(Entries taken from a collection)
******

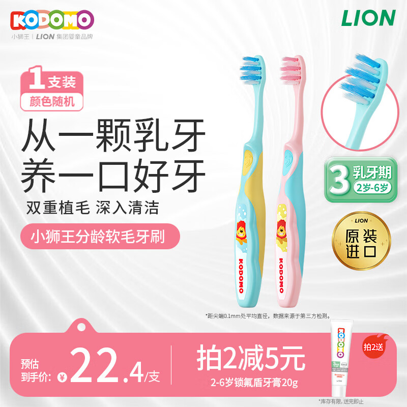 狮王(Lion)小狮王儿童牙刷2-3-6岁 进口宝宝软毛牙刷幼儿颜色随机热门商品
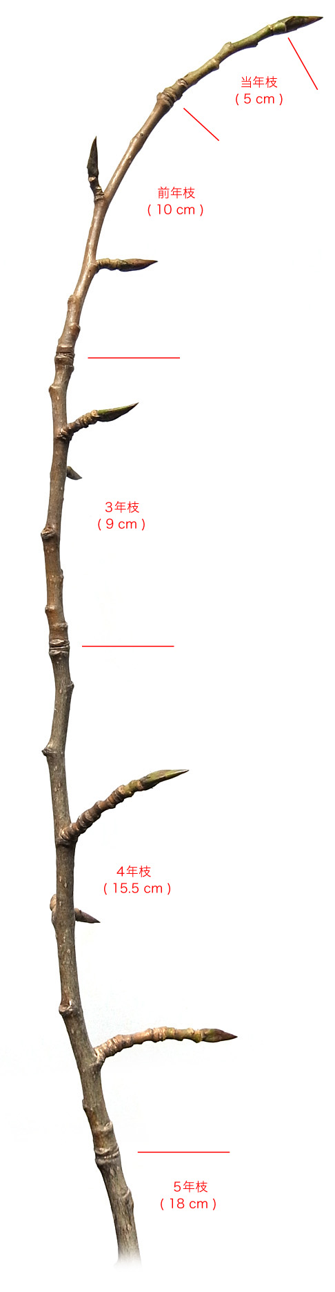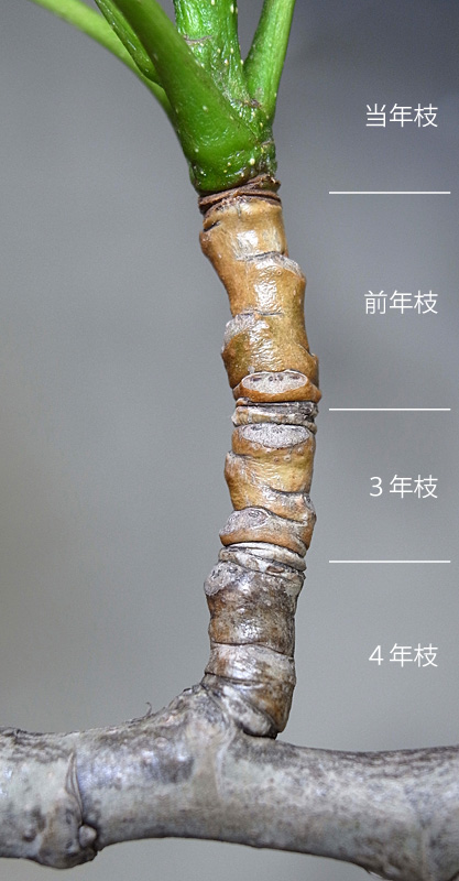 分枝部分は当年枝から5年枝まで (即ち, 6年枝からの枝分かれ)
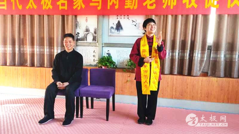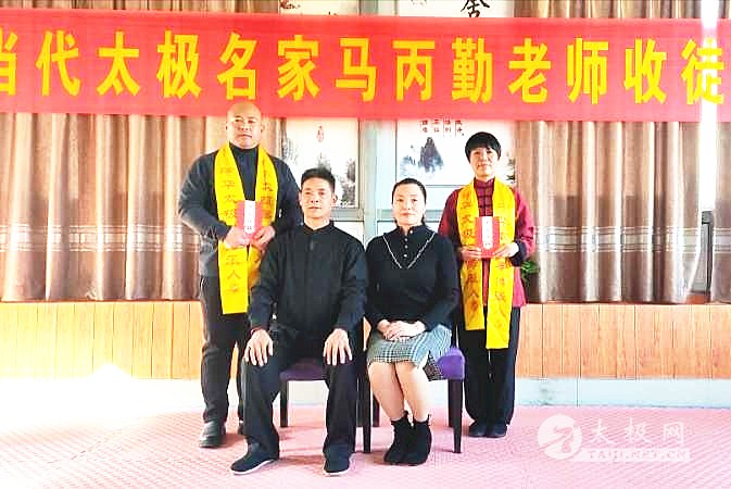 (太极网讯)11月7日,中国当代太极拳名家、2019年度十大“太极拳风云人物”、陈式太极第十二代传人马丙勤收徒仪式于开封市马丙勤太极养生馆举行。本次拜入马丙勤老师门下的有马志强、李洪双这两名优秀的太极拳爱好者。他们顺利通过马丙勤老师的重重考验,正式成为太极拳传承人,肩负起传播太极拳,弘扬太极文化的历史使命。 开封市陈式太极拳马虹拳法研究会理事楚开生主持活动并致欢迎词 新入门弟子上前向师父、师母行鞠躬礼,师父亲自为弟子披挂中华太极拳传承人绶带。随后,新入门弟子依次向师父师母递交拜师贴、行拜师礼、敬拜师茶。 拜师仪式 新入门弟子马志强与师父师母合影 新入门弟子李洪双与师父师母合影 马丙勤老师向新入门弟子训话,希望他们能够恪守门规祖训,认真习练太极拳,用心体悟太极文化,时刻秉持太极拳传承人的风骨,发扬马虹精神,为太极拳的推广和传播做出积极的贡献。 师父马丙勤训话 新入门弟子马志强、李洪双依次发言 两位新弟子表示定当遵循师父教诲,练好太极拳,做好太极人,不辜负师父的信任,将马虹精神发扬光大,为太极拳的传播和推广不懈努力。 新入门弟子与师父师母合影 马丙勤弟子杨长青、刘立然、马继红、杨艳莉继依次演练,为本次收徒仪式助兴。
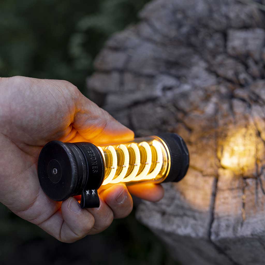 Der Edison Light Stick von Barebones sieht aus wie aus einem retro-futuristischen Videospiel - aber er ist auch bemerkenswert praktisch für den Einsatz im Freien. Das Vintage-inspirierte, gewundene LED-Lichtband macht es zu einer großartigen Mini-Laterne oder Zeltlampe, während die weißere Taschenlampe gut als Notfall-Taschenlampe funktioniert. Du kannst sie auf das Ende stellen oder an dem kleinen Riemen aufhängen. Sie wird über ein Standard-USB-C-Kabel aufgeladen, und es gibt auch einen praktischen USB-C-Ausgang, über den du im Notfall dein Smartphone über den Lichtstab mit Strom versorgen kannst. Für eine so kleine Lampe ist die Akkulaufzeit hervorragend, vor allem, weil es sieben verschiedene Beleuchtungsmodi gibt, mit denen du Stromverbrauch und Atmosphäre ausgleichen kannst. In der stärksten Einstellung für die Laterne sind es etwa 4,5 Stunden, während die Verwendung als Taschenlampe im Energiesparmodus für satte 70 Stunden Beleuchtung sorgt.
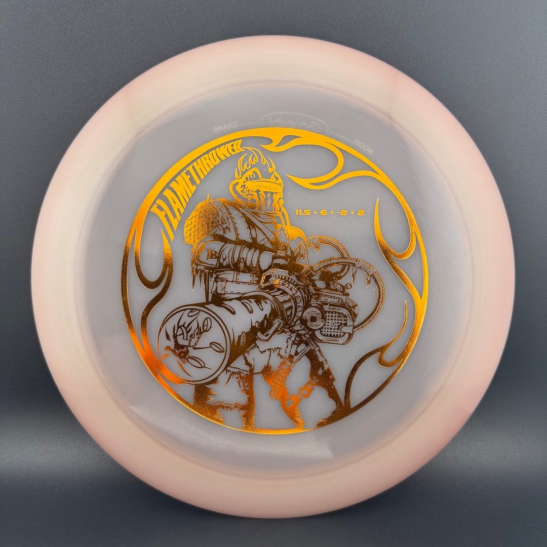 The Flamethrower is a slightly overstable distance driver from Black Zombie. Black Zombie describes it as "a perfectly seasoned Wraith" that "booms even for players with slower arm speeds". The Flame Thrower is very glidey and can be used for long anhyzers that finish with a touch of fade. It's also a nice option for forehand drives and long thumbers.
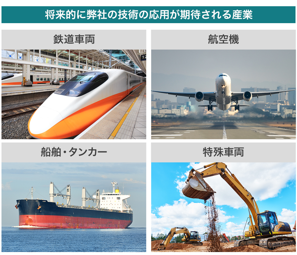 ですが、将来的には自動車に限らずモビリティ全般、例えば自転車や鉄道、飛行機などで活用される技術へと発展させていきたいと考えています。モビリティ産業は、今後ますます軽量化や環境への配慮が重要視されてくると考えられます。そんな、現代社会のニーズにあった事業を進めていきたいと考えています。
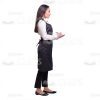 - Style: waitress uniform, black apron, white blouse, dark pants;
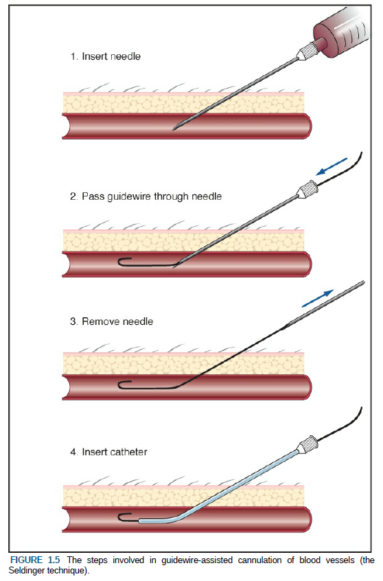 가장 표재적이고 촉지 가능한 정맥을 제외한 대부분의 정맥 삽관은, 정맥 내에 삽입된 가이드와이어 위로 카테터를 전진시키는 방식으로 이루어진다.
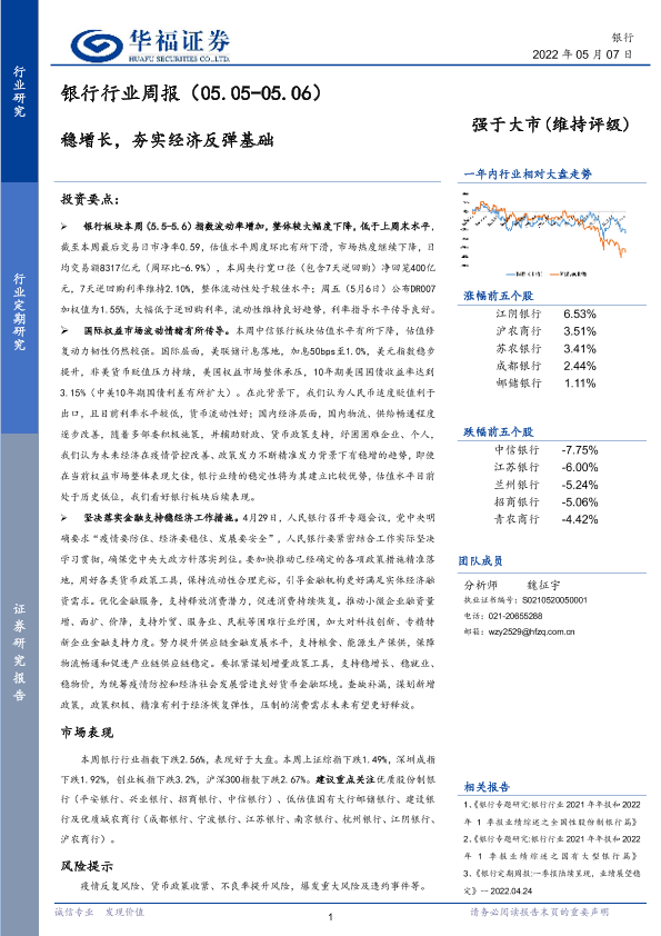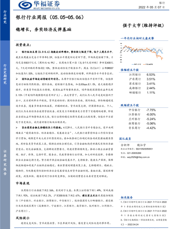 【华福证券】【20220507】银行行业周报:稳增长,夯实经济反弹基础-14页

******

> _Your objective_
The answer must be the lines of the entries above, written out exactly from the first through the one with "拜师仪式 新入门弟子马志强与师父师母合影 新入门弟子李洪双与师父师母合影", and no pictures.

> _Reply_
 狮王(Lion)小狮王儿童牙刷2-3-6岁 进口宝宝软毛牙刷幼儿颜色随机热门商品
 分枝部分は当年枝から5年枝まで (即ち, 6年枝からの枝分かれ)
 (太极网讯)11月7日,中国当代太极拳名家、2019年度十大“太极拳风云人物”、陈式太极第十二代传人马丙勤收徒仪式于开封市马丙勤太极养生馆举行。本次拜入马丙勤老师门下的有马志强、李洪双这两名优秀的太极拳爱好者。他们顺利通过马丙勤老师的重重考验,正式成为太极拳传承人,肩负起传播太极拳,弘扬太极文化的历史使命。 开封市陈式太极拳马虹拳法研究会理事楚开生主持活动并致欢迎词 新入门弟子上前向师父、师母行鞠躬礼,师父亲自为弟子披挂中华太极拳传承人绶带。随后,新入门弟子依次向师父师母递交拜师贴、行拜师礼、敬拜师茶。 拜师仪式 新入门弟子马志强与师父师母合影 新入门弟子李洪双与师父师母合影 马丙勤老师向新入门弟子训话,希望他们能够恪守门规祖训,认真习练太极拳,用心体悟太极文化,时刻秉持太极拳传承人的风骨,发扬马虹精神,为太极拳的推广和传播做出积极的贡献。 师父马丙勤训话 新入门弟子马志强、李洪双依次发言 两位新弟子表示定当遵循师父教诲,练好太极拳,做好太极人,不辜负师父的信任,将马虹精神发扬光大,为太极拳的传播和推广不懈努力。 新入门弟子与师父师母合影 马丙勤弟子杨长青、刘立然、马继红、杨艳莉继依次演练,为本次收徒仪式助兴。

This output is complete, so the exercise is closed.